Available records:
━━━━

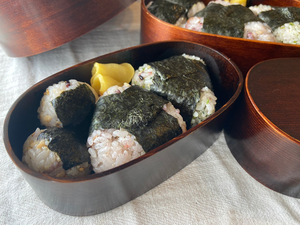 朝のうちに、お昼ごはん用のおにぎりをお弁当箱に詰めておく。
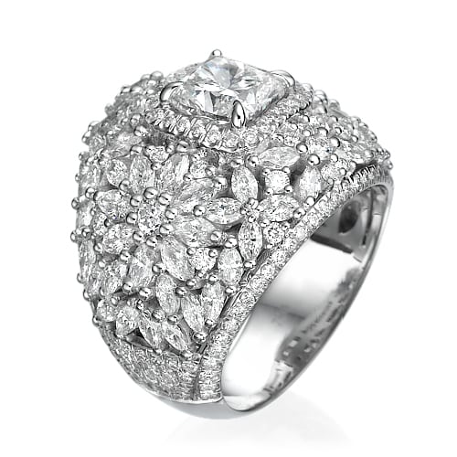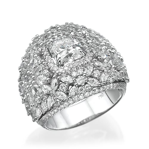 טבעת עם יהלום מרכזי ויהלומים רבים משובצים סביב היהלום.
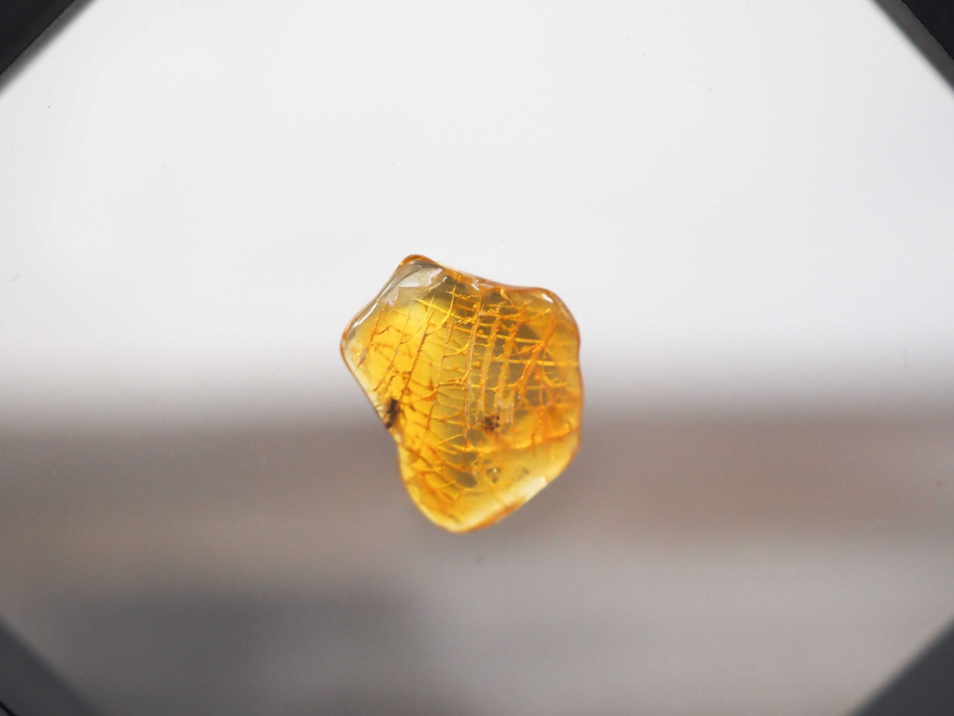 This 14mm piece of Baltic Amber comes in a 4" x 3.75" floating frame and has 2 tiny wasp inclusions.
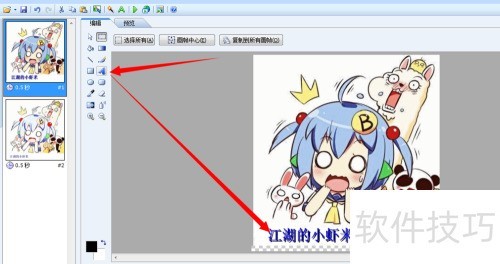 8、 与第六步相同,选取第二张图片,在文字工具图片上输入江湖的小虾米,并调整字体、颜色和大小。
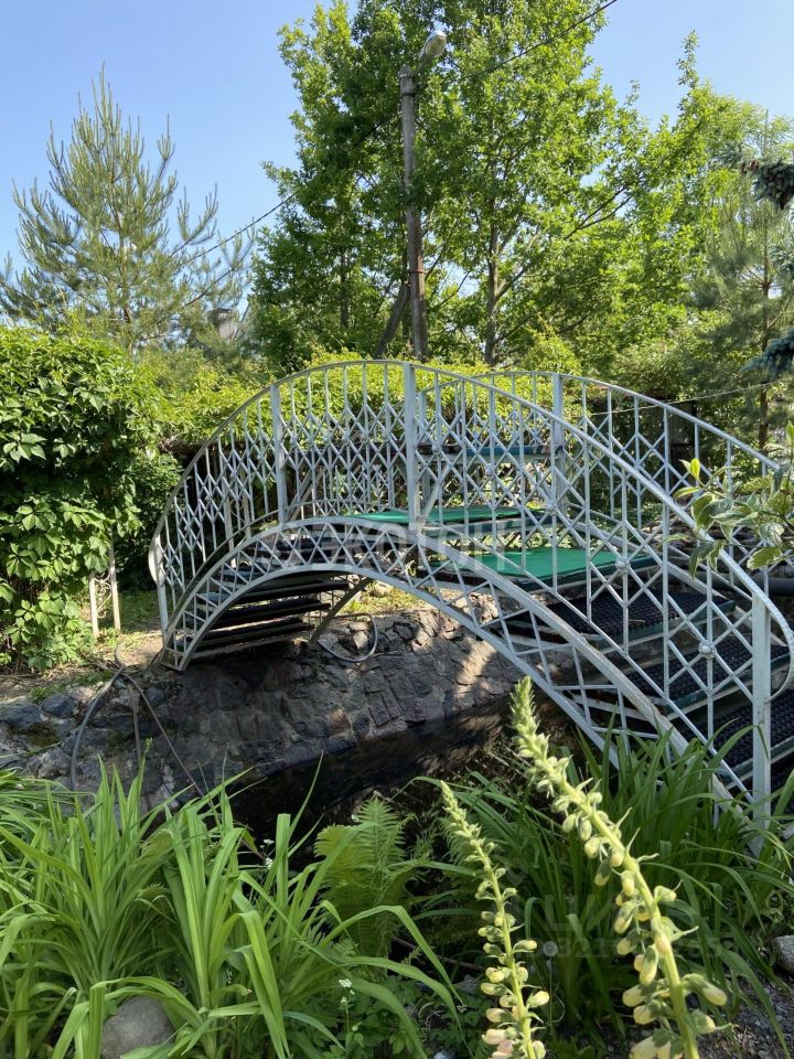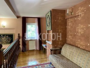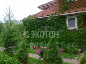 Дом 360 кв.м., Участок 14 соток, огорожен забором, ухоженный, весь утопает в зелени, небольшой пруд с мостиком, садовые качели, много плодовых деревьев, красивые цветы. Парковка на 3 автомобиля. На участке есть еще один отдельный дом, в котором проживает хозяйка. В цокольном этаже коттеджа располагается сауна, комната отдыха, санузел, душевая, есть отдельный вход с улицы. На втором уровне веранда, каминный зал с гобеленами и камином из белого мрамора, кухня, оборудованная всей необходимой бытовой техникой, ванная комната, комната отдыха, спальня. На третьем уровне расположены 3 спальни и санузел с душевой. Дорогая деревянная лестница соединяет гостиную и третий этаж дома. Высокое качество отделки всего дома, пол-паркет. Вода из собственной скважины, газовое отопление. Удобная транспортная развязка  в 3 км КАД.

━━━━

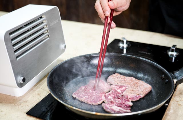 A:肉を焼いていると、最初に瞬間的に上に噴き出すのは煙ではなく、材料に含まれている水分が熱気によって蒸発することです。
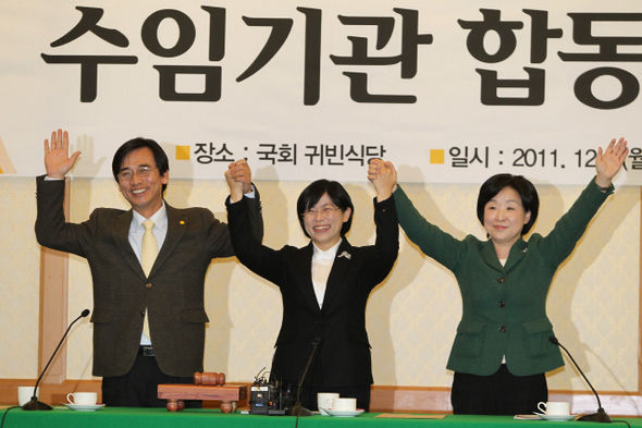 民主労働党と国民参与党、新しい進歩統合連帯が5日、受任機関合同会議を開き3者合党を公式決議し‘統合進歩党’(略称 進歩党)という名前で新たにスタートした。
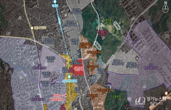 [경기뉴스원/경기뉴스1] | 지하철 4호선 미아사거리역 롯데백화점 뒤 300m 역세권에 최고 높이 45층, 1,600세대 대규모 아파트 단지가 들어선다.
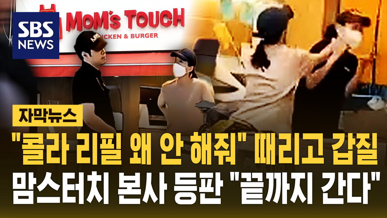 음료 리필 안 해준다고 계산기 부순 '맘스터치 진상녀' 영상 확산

━━━━

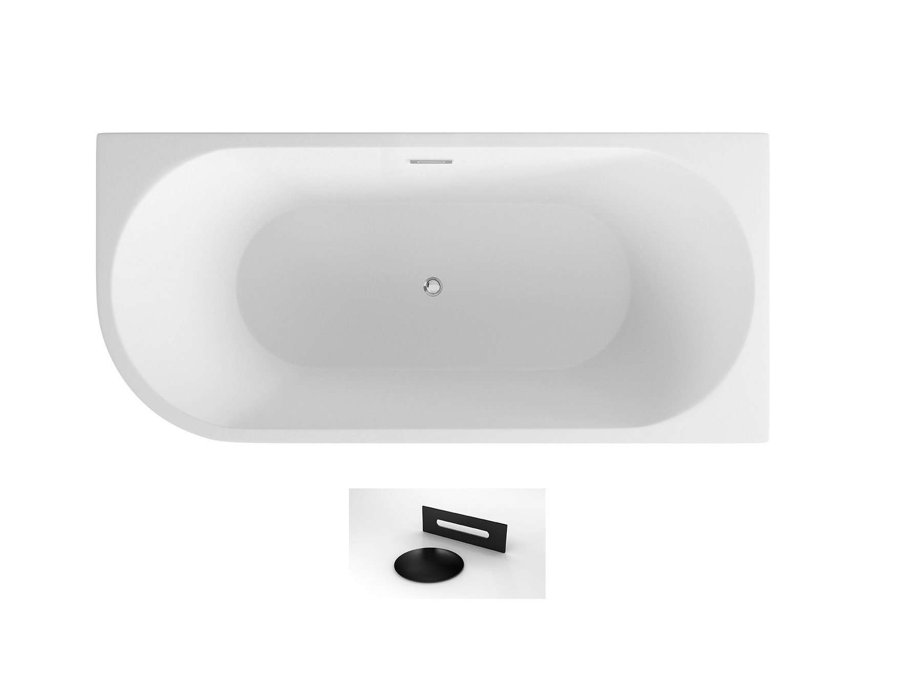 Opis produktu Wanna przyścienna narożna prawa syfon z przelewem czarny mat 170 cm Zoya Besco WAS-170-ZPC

━━━━

Task prompt: Look above for the line with "טבעת עם יהלום" and the line with "8、 与第六步相同,选取第二". Copy them and every line between, exactly, but no pictures.

Written response:
 טבעת עם יהלום מרכזי ויהלומים רבים משובצים סביב היהלום.
 This 14mm piece of Baltic Amber comes in a 4" x 3.75" floating frame and has 2 tiny wasp inclusions.
 8、 与第六步相同,选取第二张图片,在文字工具图片上输入江湖的小虾米,并调整字体、颜色和大小。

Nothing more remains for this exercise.